Home Ingredients Pramiracetam (Pramistar)
Cognitive

Pramiracetam (Pramistar)

Synthetic — high-affinity choline uptake racetam
Evidence Level
Preliminary
3 Clinical Trials
5 Documented Benefits
1/5 Evidence Score

Highly lipophilic racetam developed by Parke-Davis (late 1970s). 30x more potent than piracetam by weight. Mechanism: enhances high-affinity choline uptake. Warner-Lambert ABANDONED Phase II Alzheimer's trials due to mixed results. Limited rigorous human evidence. Marketed in some European countries (Italy as Pramistar) for senile cognitive disorders. Gray-zone in US.

Studied Dose STANDARD: 600 mg BID (1200 mg/day) divided into 2 doses with meals. ALZHEIMER'S TRIALS: 400-1,500 mg/day. POST-TBI / ECT ADJUNCT: 1,200 mg/day. NOOTROPIC USE: 600-1,200 mg/day. Take with food (highly lipophilic — fat enhances absorption). Onset: 1-2 hours. Half-life: ~4-6 hours. NOTE: Prescription drug in Italy (Pramistar) for senile cognitive disorders; not FDA-approved; gray-zone in US. Patents expired 1996. Pregnancy/lactation: avoid. Effects modest at best per available evidence.
Active Compound Pramiracetam (N-(2-(diisopropylamino)ethyl)-2-(2-oxopyrrolidin-1-yl)acetamide, CI-879, Neupramir, Pramistar) — diisopropylamine derivative of piracetam, dramatically more lipophilic

Benefits

Senile cognitive disorders (Italian approval — limited evidence)

Pramiracetam approved in Italy as Pramistar for treatment of senile cognitive disorders. Approval based primarily on older Italian trials. Mechanism: high-affinity choline uptake enhancement. CRITICAL CAVEAT: rigorous large-scale RCTs supporting efficacy are limited. Italian regulatory approval reflects older European pharmacological standards; would not necessarily meet modern FDA standards.

Supported by Trial 2, Trial 3

Post-traumatic brain injury cognitive recovery (small studies)

Cambridge Neuroscience clinical trial in 4 patients with cognitive problems following head injury (extremely small study). Some Italian and Russian studies in post-TBI cognitive rehabilitation. Limited rigorous evidence; small samples, heterogeneous methods.

Supported by Trial 3

ECT adjunct for major depression (orphan designation withdrawn)

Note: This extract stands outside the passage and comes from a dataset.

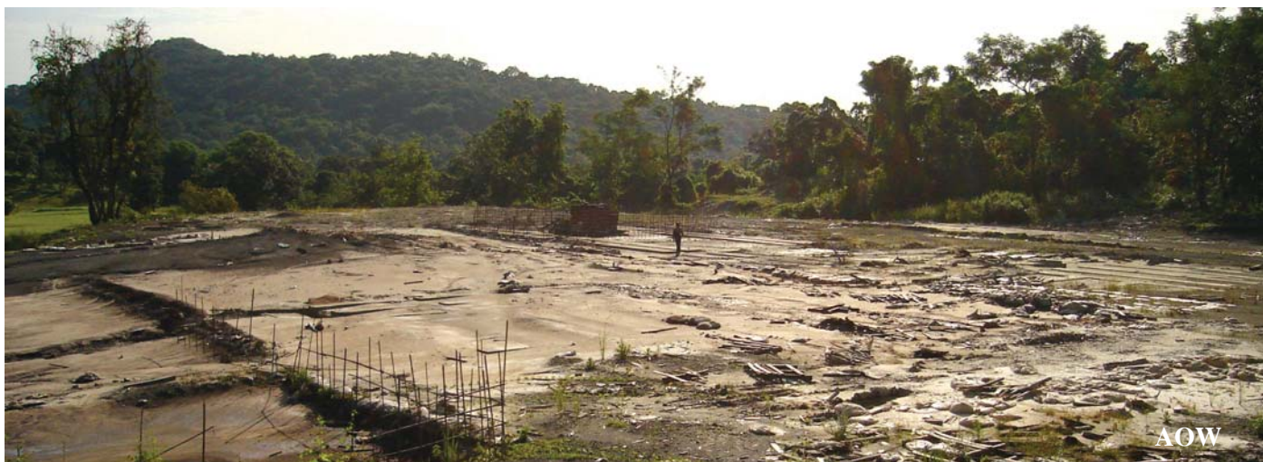
Land that was confiscated for CNOOC's drilling site in Laydaung, Ramree Island.

management, such projects are likely to cause environmental problems, the [CAEP] report said.”
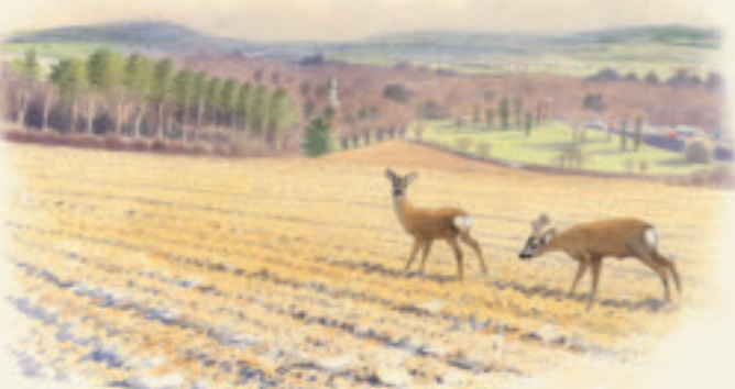
The view from Furze Field Shaw, at the top of Ashtead Hill

6 Cross the stile and follow the right hand field edge to a kissing gate. Go left then shortly right through another kissing gate and follow the path straight on with the hedge to your right. Go through another kissing gate and carry straight on until you come out into a large field with the M25 in front of you.

Cambridge Neuroscience pursued FDA orphan designation for pramiracetam as adjunct to electroconvulsive therapy in major depression — designation OBTAINED 1991, then WITHDRAWN when company abandoned the drug. Demonstrates failed clinical development trajectory.

Supported by Trial 1, Trial 3

Alzheimer's disease (Warner-Lambert ABANDONED Phase II)

Warner-Lambert (Parke-Davis parent) conducted Phase II Alzheimer's disease clinical trials. RESULTS: MIXED, leading company to ABANDON the indication. Important counter-evidence — pharmaceutical company with substantial resources concluded the drug was not commercially viable for AD. Honest framing: pramiracetam's failed AD development is significant.

Supported by Trial 1

High-affinity choline uptake enhancement (mechanism)

Animal studies show pramiracetam enhances high-affinity choline uptake in hippocampus — supporting acetylcholine synthesis and cholinergic neurotransmission. Effect distinguishes pramiracetam from other racetams. Mechanism plausible for cognitive enhancement but human translation unclear.

Supported by Trial 3, Trial 2

Mechanism of action

1

High-affinity choline uptake (HACU) enhancement

Pramiracetam selectively enhances HIGH-AFFINITY CHOLINE UPTAKE in hippocampus — rate-limiting step in acetylcholine synthesis. Mechanism distinct from piracetam (cell membrane fluidity) and aniracetam (AMPA modulation). Theoretical basis for cognitive enhancement via increased ACh availability for synthesis.

2

Lipophilicity enables BBB penetration

Diisopropylamine substitution makes pramiracetam dramatically more lipophilic than piracetam. Higher CNS concentrations achievable; faster onset. Potency ~30x piracetam by weight allows much smaller effective doses.

3

Cerebral blood flow increase (limited evidence)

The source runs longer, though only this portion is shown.